▶ _Supplied information_

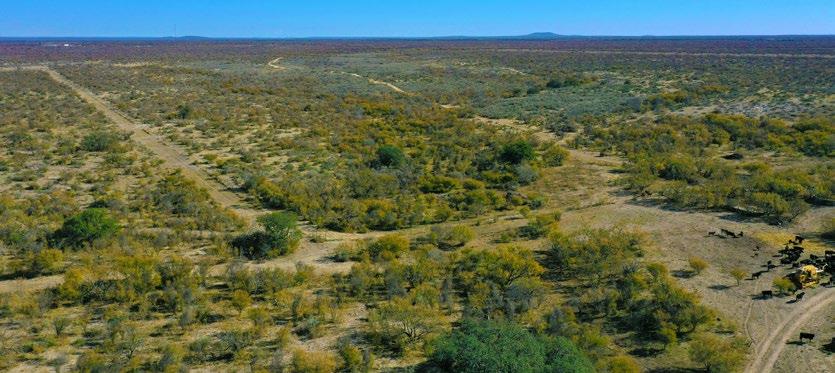 LaBrisa Ranch is a diverse hunting and cattle ranch with a well, two tanks, hay barn, four-bay horse barn, pipe arena, and pens. It boasts a Spanish-style, three-bed, four-bath home with a twobed, two-bath guest house, pool, and cantina with workshop. The property features West Squirrel Creek. $2,800,000.
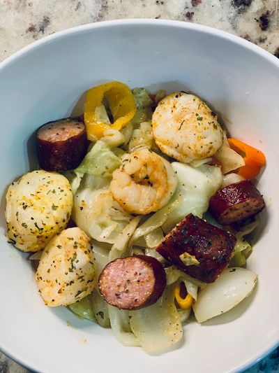 --Pan fry, bake or air fry the sausage and seafood (I air fry on a grill plate) at 375 degrees for approximately 15 minutes
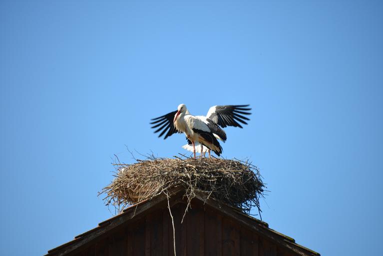 Keywords: storchennest nest storks birds animals rattle stork nature white storks sky stork village blue summer roof idyllic

▶ _Work instruction_
Repeat the listing exactly, minus its pictures.

▶ _Solution for this exercise_
 LaBrisa Ranch is a diverse hunting and cattle ranch with a well, two tanks, hay barn, four-bay horse barn, pipe arena, and pens. It boasts a Spanish-style, three-bed, four-bath home with a twobed, two-bath guest house, pool, and cantina with workshop. The property features West Squirrel Creek. $2,800,000.
 --Pan fry, bake or air fry the sausage and seafood (I air fry on a grill plate) at 375 degrees for approximately 15 minutes
 Keywords: storchennest nest storks birds animals rattle stork nature white storks sky stork village blue summer roof idyllic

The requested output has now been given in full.